As mentioned in (1), lexer is used as a tool to cut SQL strings and convert statements into a tokens array.
Parser completes the post-order part of SQL parsing: Use a lexer object as a tool to cut out tokens, parse the semantics, and bind the relevant system interface.
Here, we should first review the SQL syntax supported by simpledb, which affects the method it uses when parsing strings.
<Query> := SELECT <SelectList> FROM <TableList> [ WHERE <Predicate> ]
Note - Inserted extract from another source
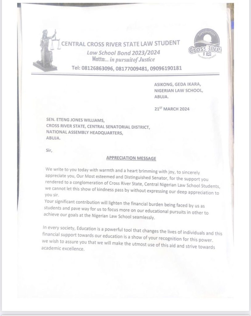 Indigent students of Cross River Central Senatorial District at the Nigeria Law Schools, have received a scholarship grant from the Senator representing the Central Senatorial District of the State, Distinguished Senator Eteng Jonah Williams.

<SelectList> := <Field> [ , <SelectList> ]
<TableList> := TableName [ , <TableList> ]
<Predicate> := <Term> [ AND <Predicate> ]
<Term> := <Expression> = <Expression>
<Expression> := <Field> | <Constant>
<Field> := FieldName
<Constant> := String | Integer
<Modify> := <Insert> | <Delete> | <Update>
<Insert> := INSERT INTO TableName ( <FieldList> ) VALUES ( <ConstList> )
<FieldList> := <Field> [ , <FieldList> ]
<ConstList> := <Constant> [ , <Constant> ]
<Delete> := DELETE FROM TableName [ WHERE <Predicate> ]
<Update> := UPDATE TableName SET <Field> = <Expression> [ WHERE <Predicate> ]
<Create> := <CreateTable> | <CreateView> | <CreateIndex>
<CreateTable>:= CREATE TABLE TableName ( <FieldDefs> )
<FieldDefs> := <FieldDef> [ , <FieldDefs> ]
<FieldDef> := FieldName <TypeDef>
<TypeDef> := INT | VARCHAR ( Integer )
<CreateView> := CREATE VIEW ViewName AS <Query>
<CreateIndex>:= CREATE INDEX IndexName ON TableName ( <Field> )
Parser implements "one-click compilation" in the compilation technology, that is, scanning the tokens array through lex sequence, and recognizing each token element during the scanning process, according
Constant/field-> Expression-> Term-> Predicate
To complete parameter packaging and output a data class associated with the query, as shown in Class 1 in (1.
First, take the example "select sid, sname from students where sid = '000000'" in figure (1), and give a syntax tree constructed during parser parsing:
Figure 1 example syntax tree
The code for the Query method is as follows:
public QueryData query()
{
lex.eatKeyword("select");
List<string> fields = selectList();
lex.eatKeyword("from");
List<string> tables = tableList();
Predicate pred = new Predicate();
if (lex.matchKeyword("where"))
{
lex.eatKeyword("where");
pred = predicate();
}
return new QueryData(fields, tables, pred);
}
As shown in the Code and the preceding syntax tree, simpledb parses the Field List fieldlist strictly according to the type supported in the syntax and the "stuck" keyword during SQL statement parsing, tablelist In the table name list and predicates in the predicates list. Then, pack the data actually used in these queries into the corresponding objects, and parse the SQL statement. The preceding example shows that after the QueryData object is packaged, it is passed to the query processing module. Some methods in the query are used to read the query data according to fieldlist, tablelist, and predicates.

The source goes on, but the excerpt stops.